For Creators and Program Originators

  • Sign up for a series of three Masterclasses and individual coaching to learn these skillsets for originators reaching any demographic: ECE, youth, college students or young adults – register your interest here.
  • Explore the ‘readiness assessment’ to help determine whether your program is poised for adaptation, and conduct a ‘rigor testing’ to help you select the right partners to adapt your program.
  • Creatively package your ‘scale ready’ program and make it attractive to potential adaptors.

For Adaptors

  • Make It Yours. Find inventive and effective programs that any community or organization can adapt or inspire change.  Sometimes the step-by-step tool kit we provide is all that is needed, or the Funder Collaborative can make connections to program originators for additional training or support.
  • Community Landscape Scan Support. We offer tools to conduct your own local landscape scan and interviews and focus groups with community members to help determine gaps in local programs and, thus, innovations that might be right to bring to your community.
  • Proven Impact Measurement Tools. We freely offer surveys and measurement tools, co-created with Rosov Consulting, to ensure teen programs are having the desired effects. We offer consulting on both how to field and analyze the tools, as well as a detailed guidebook to help you each step of the way, found here.

For Funders

  • Partner with the Funder Collaborative. Look beyond your four walls. Any grantee-partner or community is invited to partner with the Funder Collaborative. Our team is available to present on key learnings and the engagement landscape, as well as consulting.  We are eager to help others design effective engagement strategies and explore customizing existing programs – of any size or budget.
  • Embrace the concept of adaptation as innovation. Scaling is more than simply transplanting existing programs; it’s narrowing in on the essential elements of programs to achieve desired outcomes. By encouraging boards and partners to weigh impact over innovation, we can dramatically accelerate the spread of good models, offering more people even more ways to meaningfully connect to Jewish life.

We know the benefits of  looking for new light bulbs, and we understand scaling isn’t a simple task.
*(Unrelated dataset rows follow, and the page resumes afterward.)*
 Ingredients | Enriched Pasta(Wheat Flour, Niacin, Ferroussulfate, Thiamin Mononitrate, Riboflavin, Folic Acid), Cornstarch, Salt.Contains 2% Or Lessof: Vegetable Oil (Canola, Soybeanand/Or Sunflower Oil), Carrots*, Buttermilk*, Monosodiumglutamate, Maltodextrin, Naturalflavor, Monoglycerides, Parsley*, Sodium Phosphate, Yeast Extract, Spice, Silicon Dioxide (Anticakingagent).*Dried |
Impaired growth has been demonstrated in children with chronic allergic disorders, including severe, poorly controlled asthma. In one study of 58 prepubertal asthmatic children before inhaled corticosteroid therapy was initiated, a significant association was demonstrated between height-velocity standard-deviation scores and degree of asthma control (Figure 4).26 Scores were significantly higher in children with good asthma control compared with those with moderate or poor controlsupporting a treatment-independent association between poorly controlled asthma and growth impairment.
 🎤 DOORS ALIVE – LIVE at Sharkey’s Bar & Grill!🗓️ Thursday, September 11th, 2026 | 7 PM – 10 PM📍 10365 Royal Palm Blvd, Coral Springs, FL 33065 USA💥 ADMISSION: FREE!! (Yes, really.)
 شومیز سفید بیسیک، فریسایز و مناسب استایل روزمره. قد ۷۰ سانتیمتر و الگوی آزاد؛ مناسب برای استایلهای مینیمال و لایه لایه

Yet with more organizations across the country understanding the benefits of scaling as an alternative pathway — and with the Funder Collaborative poised to help — we can dramatically increase our collective impact. Now housed at Jewish Federations of North America, the Funder Collaborative is a resource for any education and engagement program seeking to extend its impact, with a national platform to champion scale and provide the resources, skills, and relationships to make this  possible.
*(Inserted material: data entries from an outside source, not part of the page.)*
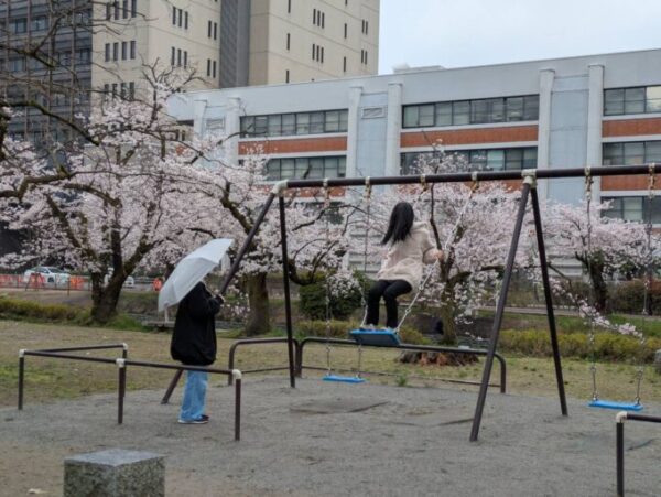 松川周辺にはブランコが設置されており、久しぶりにこいでみる生徒も😯
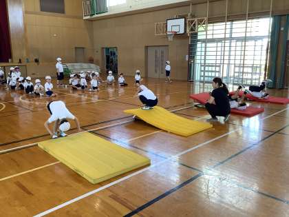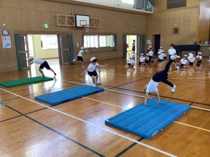 体育の時間に、マット運動をしました。子どもたちは、前転や後転の練習を頑張っています。側転にも挑戦している子もいます。かっこよく技を決めることができると、笑顔いっぱいにポーズを決めていました。
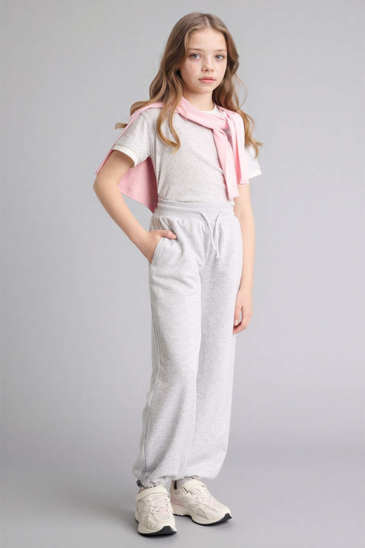 Rahat kesimi ve modern jogger tasarımıyla kız çocuk eşofman altı, gün boyu konfor sunar. Yumuşak ve nefes alabilen kumaşı sayesinde hem okulda hem de günlük aktivitelerde rahatlıkla tercih edilebilir. Lastikli paça detayıyla hem şık hem de sportif bir görünüm sağlar. Pamuk 51%,Poliester 49% Manken Bedeni: Göğüs: 62 Boy: 1,24 Basen: 73 Bel: 53
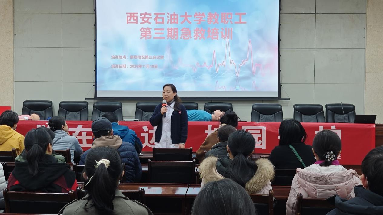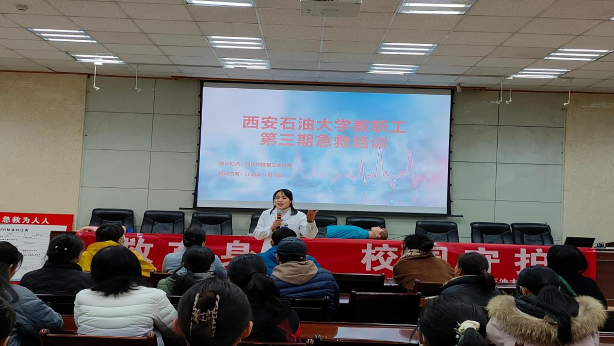 为全面提升校园应急保障能力,扎实推进第三批“急救校园”建设落地生效,2025年11月18日下午,鄠邑区红十字会、校工会、校医院共同开展第三期教职工应急救护专项培训。活动以“普及急救知识、强化实操技能”为核心,吸引全校50余名教职工积极参与,通过专业化培训让更多教职工作为校园突发情况的“首响应者”,为师生生命安全注入专业保障。
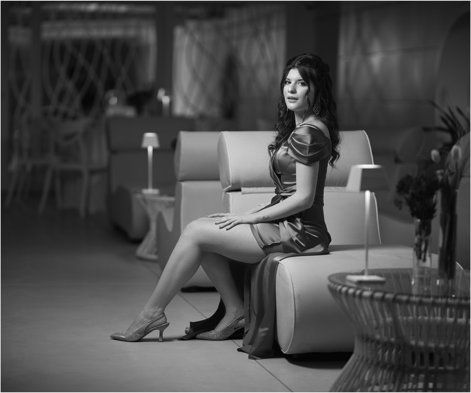 I don't like the grayish tone of the whole photo and I find the background a little too dark and slightly too contrasty. I also find the forehead a little too bright, in my opinion the brightness should be reduced using a brush in that area. Otherwise good Non apprezzo il tono grigiastro di tutta la foto e trovo lo sfondo un po' troppo scurito e modella leggermente troppo contrastata. Inoltre trovo la fronte un po' troppo luminosa,secondo me andava ridotta la luminosità usando un pennello in quella zona. Per il resto buona |
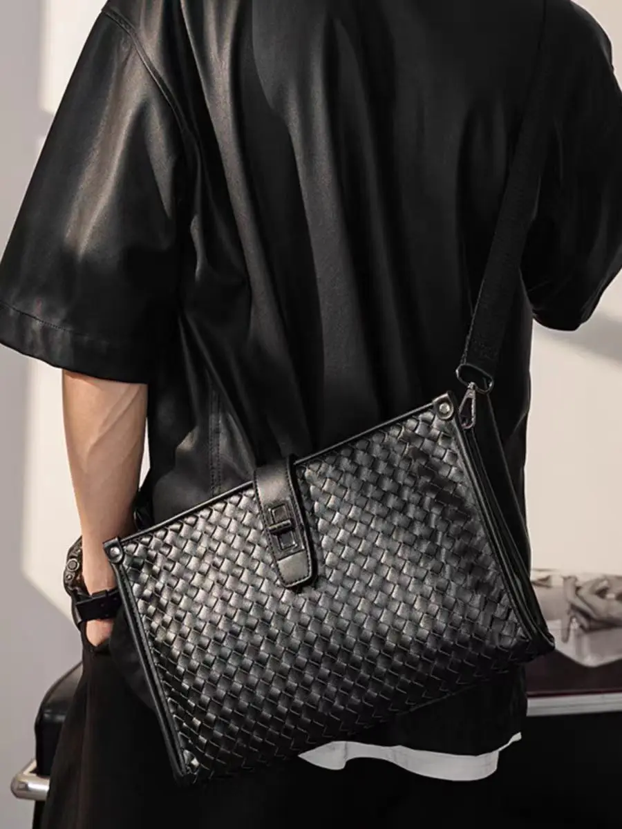 Men's Vintage Genuine Leather Crossbody Messenger Shoulder Bag Polyester Zipper Stylish Business Fashion Satchel for Hiking
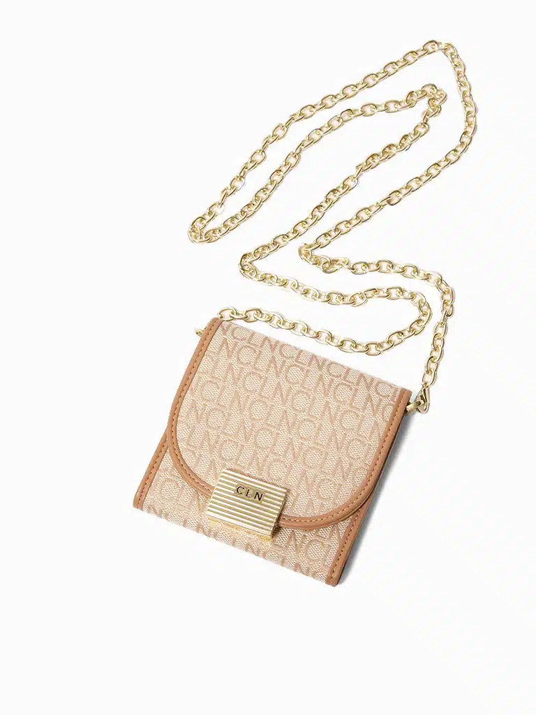 • Sling Tri-fold mini wallet with snap button closure, 6 card slots, 1 coin slot with zip-closure, 2 slip pockets, bill note compartment
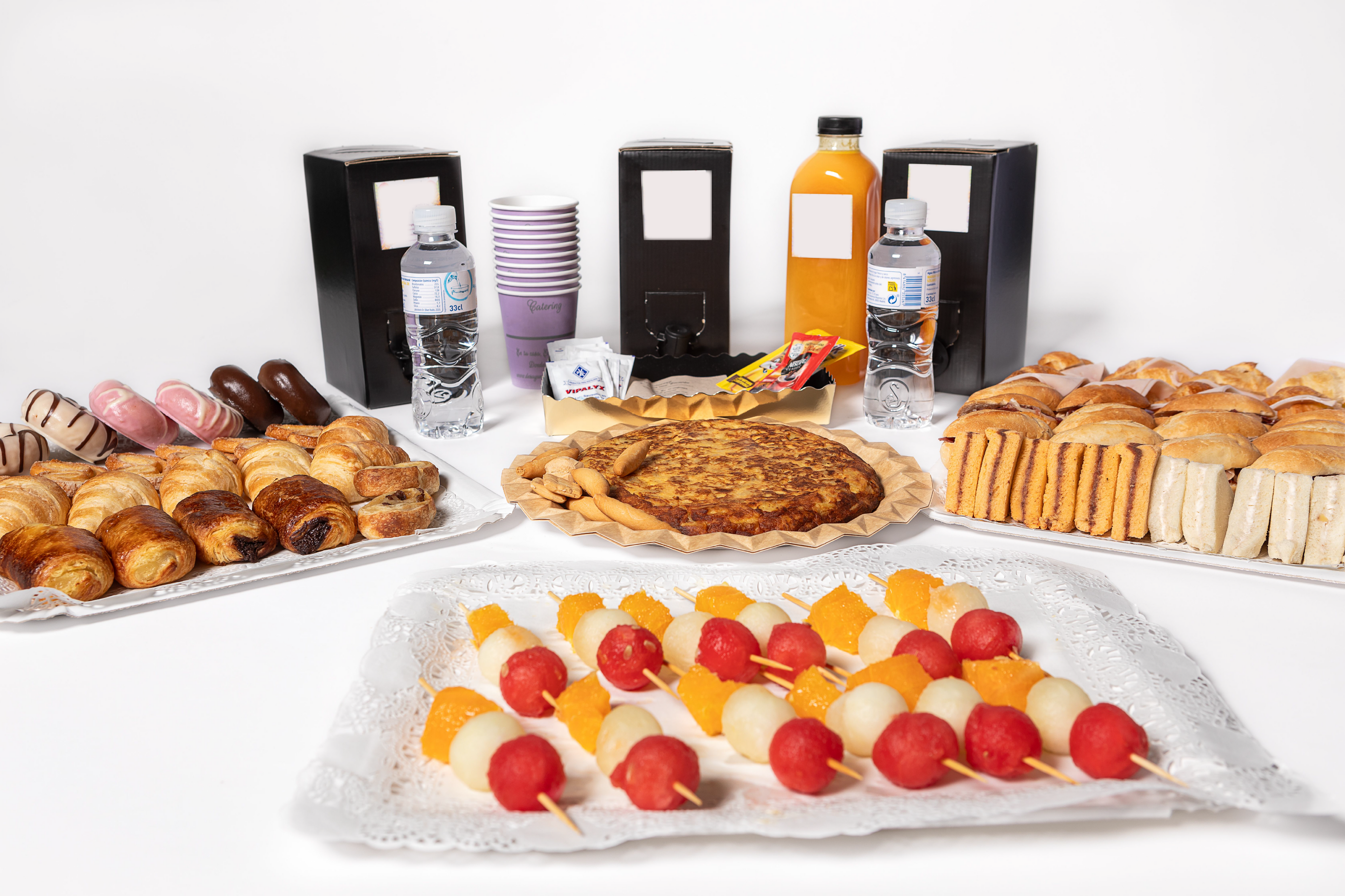 Ofrecemos la opción desde bandejitas con producto seleccionado hasta un cátering buffet de desayuno.

We have the opportunity to see our community’s most groundbreaking innovations spread to more communities. In no way does this approach negate the work of trailblazers investing time and resources in new innovations. Rather, these approaches go hand-in-hand. By shining a light on successful models and helping them take root somewhere new, the Funder Collaborative is using its expertise to help the Jewish community embrace both sides of the scaling equation, leading to even greater impact.

Sara Allen is executive director of the Jewish Teen Education & Engagement Funder Collaborative powered by Jewish Federations of North America. Rachel Shamash Schneider is a program officer at the Jim Joseph Foundation.